- **Your instructions**
When writing out the listing below, reproduce every word exactly and skip the pictures.

- **Data provided**
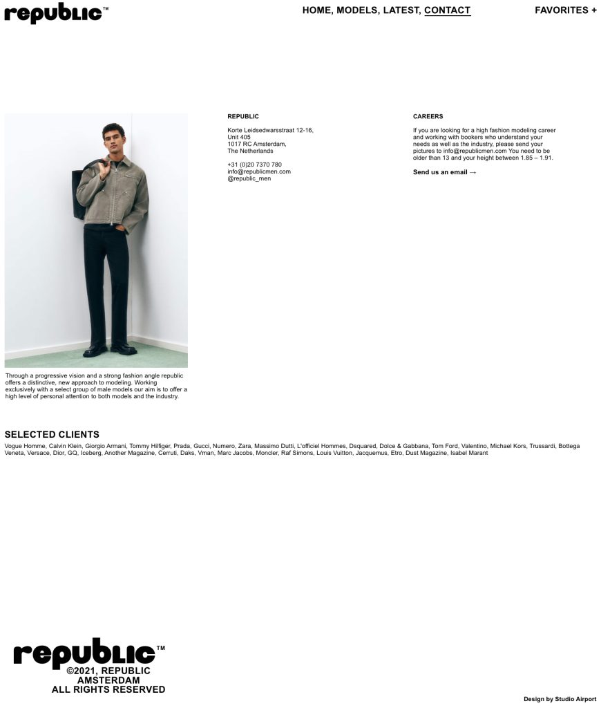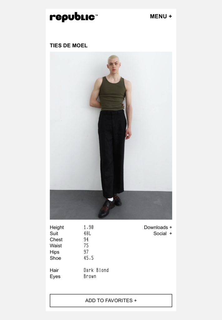With a progressive vision and a strong fashion angle Amsterdam based Republic Men offers a distinctive approach to modeling with a select group of male models.
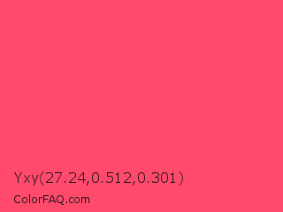 Yxy 27.24,0.512,0.301 Color is a light red color and the nearest color is Infra Red #ff496c. Hex code #ff4a6c and RGB value is rgb(255,74,108). In RGB color space, this color is composed of 100% red, 29% green, 42% blue, In CMYK color space, this color is composed of 0% cyan, 71% magenta, 58% yellow , 0% black , In HSL color space, this color has a hue angle of 349° , 100% saturation and 65% lightness.
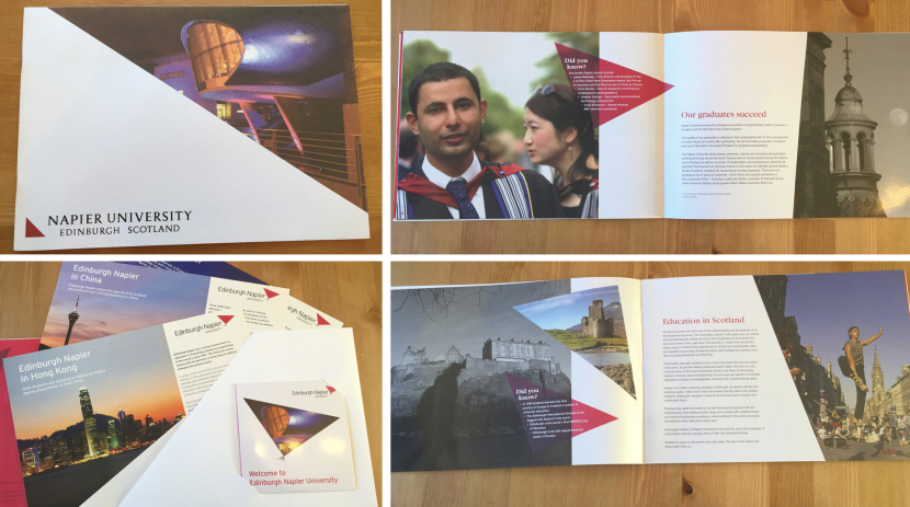 design on high quality materials to give to potential students from oversees. The design was to be based on their new logo. I used the triangle in the logo to inspire the shapes on each

- **Response to this task**
With a progressive vision and a strong fashion angle Amsterdam based Republic Men offers a distinctive approach to modeling with a select group of male models.
 Yxy 27.24,0.512,0.301 Color is a light red color and the nearest color is Infra Red #ff496c. Hex code #ff4a6c and RGB value is rgb(255,74,108). In RGB color space, this color is composed of 100% red, 29% green, 42% blue, In CMYK color space, this color is composed of 0% cyan, 71% magenta, 58% yellow , 0% black , In HSL color space, this color has a hue angle of 349° , 100% saturation and 65% lightness.
 design on high quality materials to give to potential students from oversees. The design was to be based on their new logo. I used the triangle in the logo to inspire the shapes on each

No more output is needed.